The WRNS awards process was also hindered by tardiness and allocation quotas. Each year there was only a limited number allowed. The delays meant by the end of the war many more had been recommended than could be honoured. So many deserving candidates did not get the recognition they merited.
Beyond the war
Peace brought many wedding bells, although an unknown number had wed in war, often in one of the ‘stash’ of lendable wedding dresses Polly Cartland assembled for the purpose. Of the thirty WRNS members sent to the Far East with Betty Archdale, eleven were wed quickly, six to Navy and Fleet Air Arm men. Other Wrens had held off from marrying in wartime but now felt they could relinquish their dedication to service. Leading steward Lois Price walked up the aisle on VJ Day. Newspaper wedding photographs show a high number of husbands were naval officers. Molly Shakepear’s marriage to the submarine ace to which she had been secretary was attended by five admirals, one of whom said her war record was “almost as distinguished as her husband’s.”

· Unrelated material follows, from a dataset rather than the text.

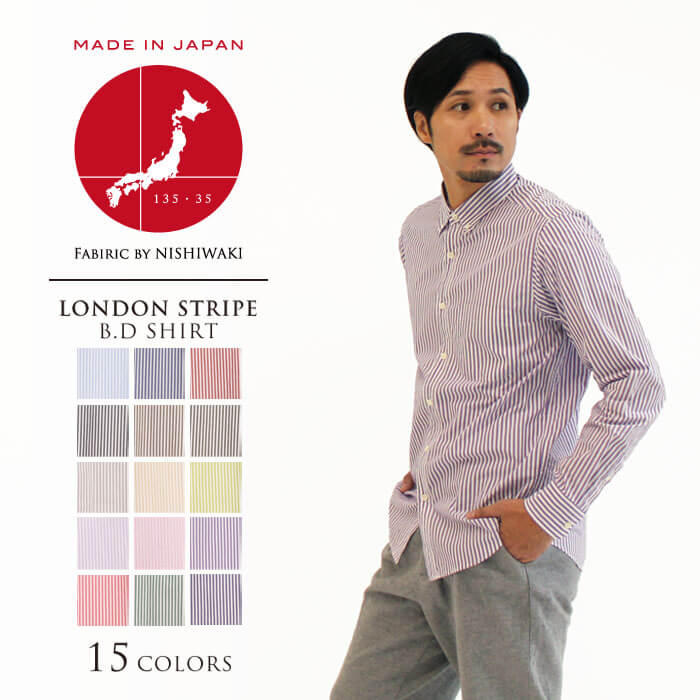 カジュアルシャツ メンズ 日本製 長袖 綿100% ボタンダウン 春夏 ロンドンストライプ 播州織 高級 おしゃれ ブランド 大きいサイズ コットン 青 黒 緑 赤 紫 紺 ビジネス きれい 柄シャツ シンプル 男性 紳士 プレゼント ギフト 先染め M L LL 送料無料
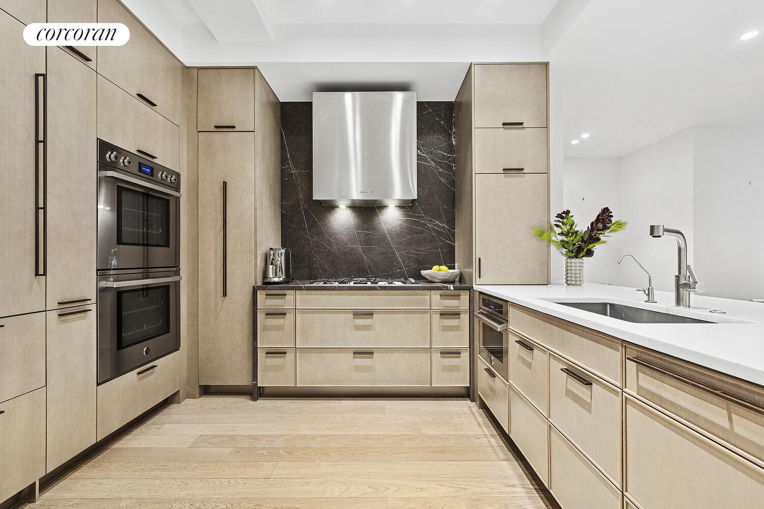 The open-concept living and dining area provides an exceptional setting for both entertaining and daily living. The chef's kitchen is as functional as it is beautiful, featuring custom European oak cabinetry, antique gray marble slab backsplashes, and high-end Sub-Zero and Bertazzoni appliances. Every detail is considered for seamless, modern living, from the spacious island to the elegant finishes that define the space.

What next, workwise? “Some of you will be quite certain the one thing you want to do is get back to where you left off before the war,” thought one early-demobbed cinema Wren. Others struggled after living a wartime life “much more varied, more colourful, richer than anything we had known before.” Finding jobs for the demobbed is always a feat, and it was harder for women whose expectations turned out to have been rather fruitlessly raised, especially if seeking mechanical work.
‘Johnnie’ Ferguson became a secretary to the chairman of Booker McConnell and looked after her widowed brother’s household but “remained steadfastly reticent about her wartime exploits,” as so many veterans did. Others, acting with newfound agency, drastically changed course. Torpedoed Freda Bonner retrained as a doctor: “Was it the memory of the naval doctor swimming from raft to raft [helping flat out for two days before he died] that led me to make this choice?” Twenty-year old Dorothy Runnicles went on from the remote Scottish RNAS Fearn, “run almost entirely by women…. We had a chief officer woman, and all the mechanics were women” to another women’s world: Bedford College for Ladies where they all became social workers bent on improving others’ conditions. She joined the University Women’s Boat Club. Unlike most Wrens, who do not criticise the military, “I still think about the war regularly because it was so awful, a ridiculous slaughter of people. I joined the Peace Pledge Union…. By now we should have learned how to avoid war” and later she demonstrated at Aldermaston and Greenham Common.
Some of the luckiest Wrens went on work at sea, as Lady Assistant Pursers on liners. WRNS training had made many ideal employees for many jobs – if only they could settle. And some became volunteer leaders of the Sea Rangers, which the Admiralty had formally recognised in 1945 and in the Girls’ Nautical Training Corps.
Salute
So, in 2026, a glimpse of a past age and a big salute to their service, those who served up until 1993 and then those who joined the Royal Navy along with the women who serve today and their many female civilian counterparts, whether they work in defence or support it, and, of course, all those women who support their partners by being part of the wider Naval family.